Use is subject to license terms.
Assembled 24 March 2008

globalzone #ifconfig ce0 plumb

STEP 2 - Install Solaris 9 Container Application 1.0

I uploaded the file s9containers-1_0-rr-solaris10-sparc.tar.gz to my home directory. Followed by which i gave the below commands to install the application.

globalzone # gunzip s9containers-1_0-rr-solaris10-sparc.tar.gz
globalzone # tar -xvf s9containers-1_0-rr-solaris10-sparc.tar
globalzone # cd ./s9containers-1_0-rr/Product
globalzone # pkgadd -d ./

The following packages are available:
1 SUNWs9brandk Solaris 9 Containers: solaris9 brand support RTU
(sparc) 11.10.0,REV=2008.04.24.03.37
2 SUNWs9brandr Solaris 9 Containers: solaris9 brand support (Root)
(sparc) 11.10.0,REV=2008.04.24.03.37
3 SUNWs9brandu Solaris 9 Containers: solaris9 brand support (Usr)
(sparc) 11.10.0,REV=2008.04.24.03.37

Select package(s) you wish to process (or 'all' to process
all packages). (default: all) [?,??,q]:

(select all and accept all the default parameters. the installation was successful.)

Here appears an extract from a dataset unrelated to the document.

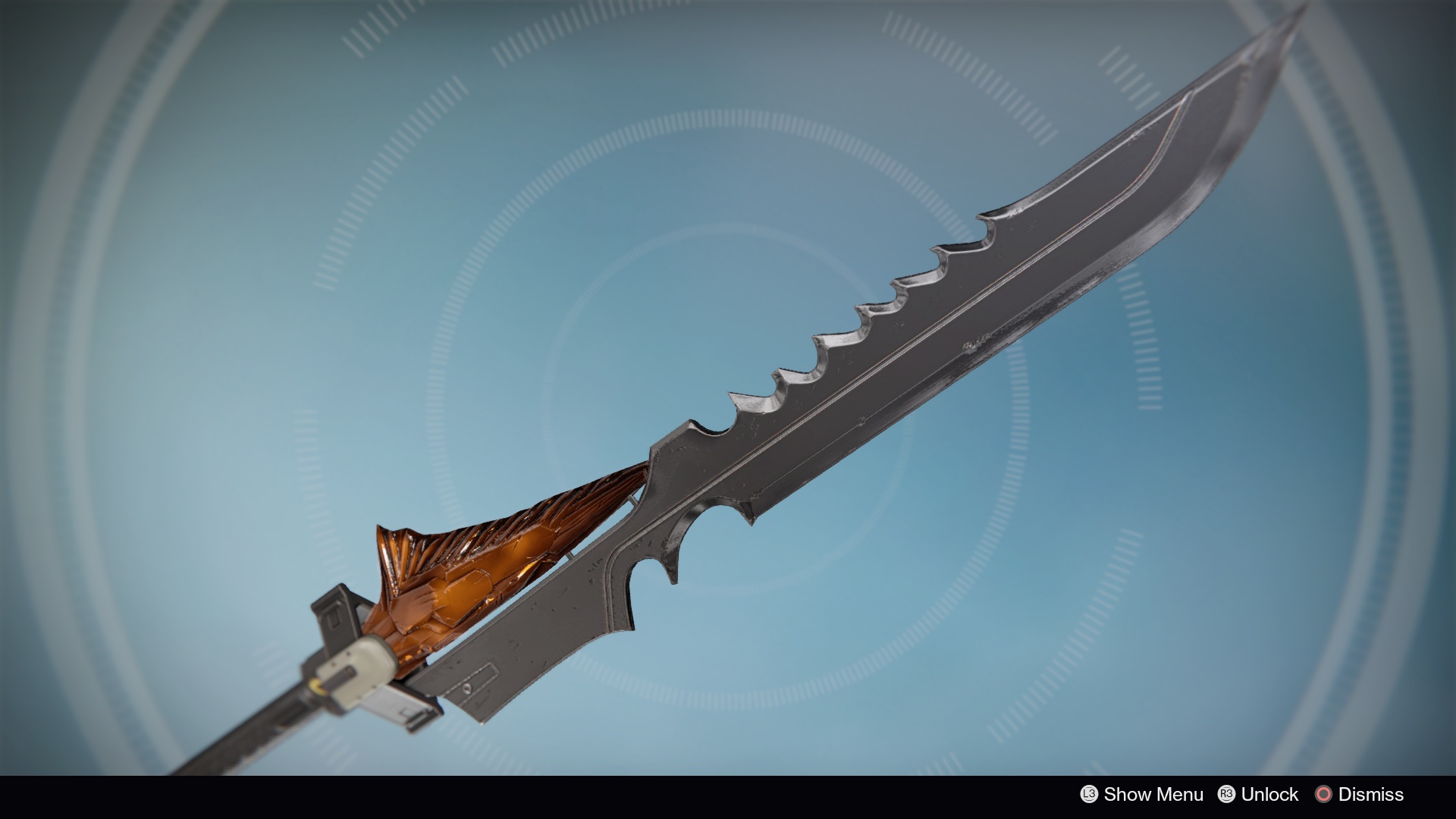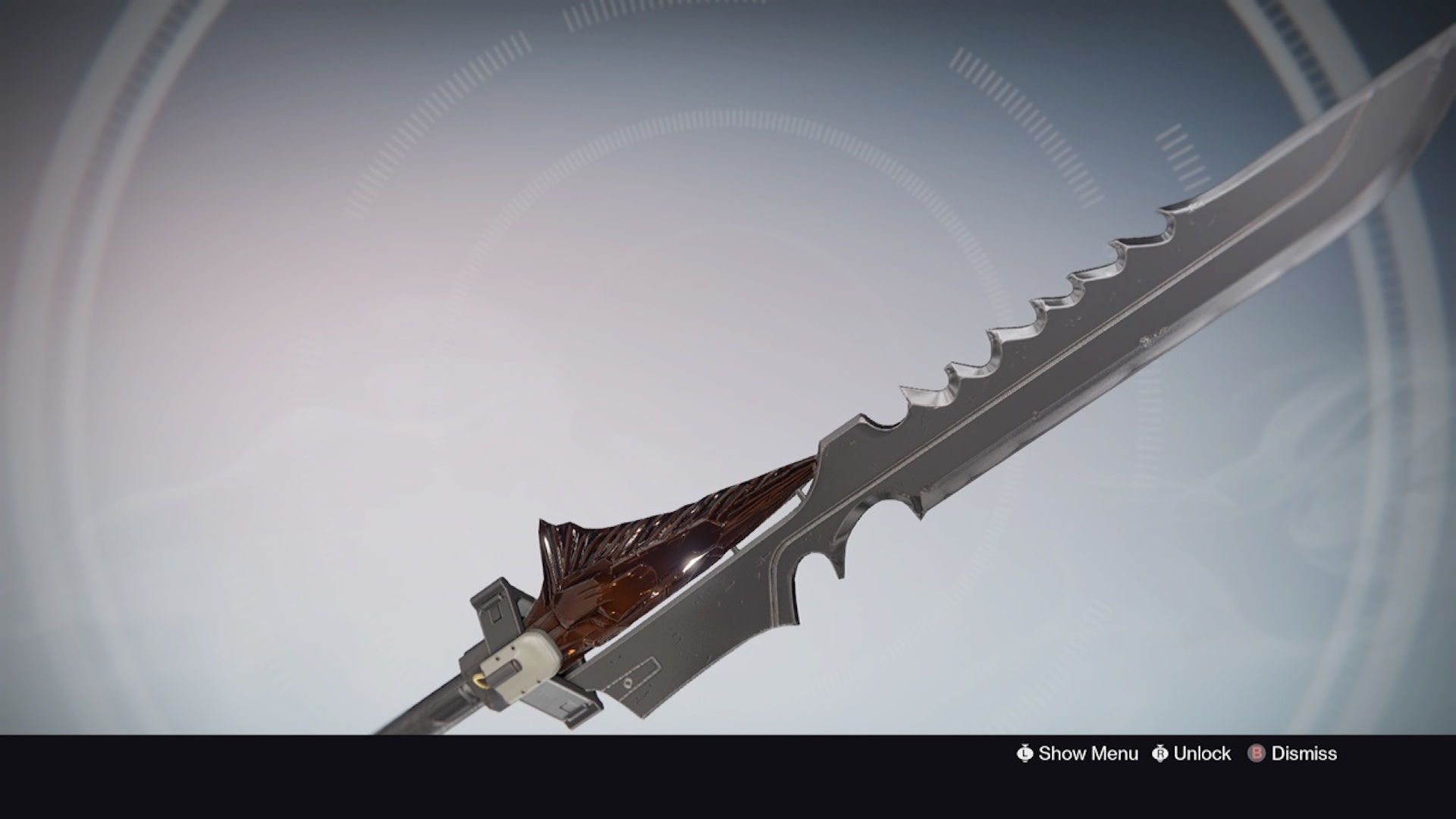 This image is a screenshot of a weapon from the Destiny series of first-person shooter video games developed by Bungie Studios and published by Bungie or Activision. It falls under the screenshot category for a copyrighted computer game or video game, and the copyright for it is most likely held by the company that developed the game. It is believed that the use of a limited number of web-resolution screenshots:

STEP 3 - Create Solaris 9 branded zone

After the system booted, i followed the below commands to create a branded solaris 9 zone.

globalzone # zonecfg -z solaris9
solaris9: No such zone configured
Use 'create' to begin configuring a new zone.
zonecfg:solaris9> create -b
zonecfg:solaris9> set brand=solaris9
zonecfg:solaris9> set autoboot=false
zonecfg:solaris9> set zonepath=/zones/solaris9
zonecfg:solaris9> add net
zonecfg:solaris9:net> set physical=ce0
zonecfg:solaris9:net> set address=10.10.8.91/24
zonecfg:solaris9:net> end
zonecfg:solaris9> info
zonename: solaris9
zonepath: /zones/solaris9
brand: solaris9
autoboot: false
bootargs:
pool:
limitpriv:
scheduling-class:
ip-type: shared
net:
address: 10.10.8.91/24
physical: ce0
zonecfg:solaris9> verify
zonecfg:solaris9> commit
zonecfg:solaris9> exit

STEP 4 - Installed Solaris 9 on the Branded Zone

I uploaded the file solaris9-image.flar to my home directory and performed the below commands to Install solaris 9 zone.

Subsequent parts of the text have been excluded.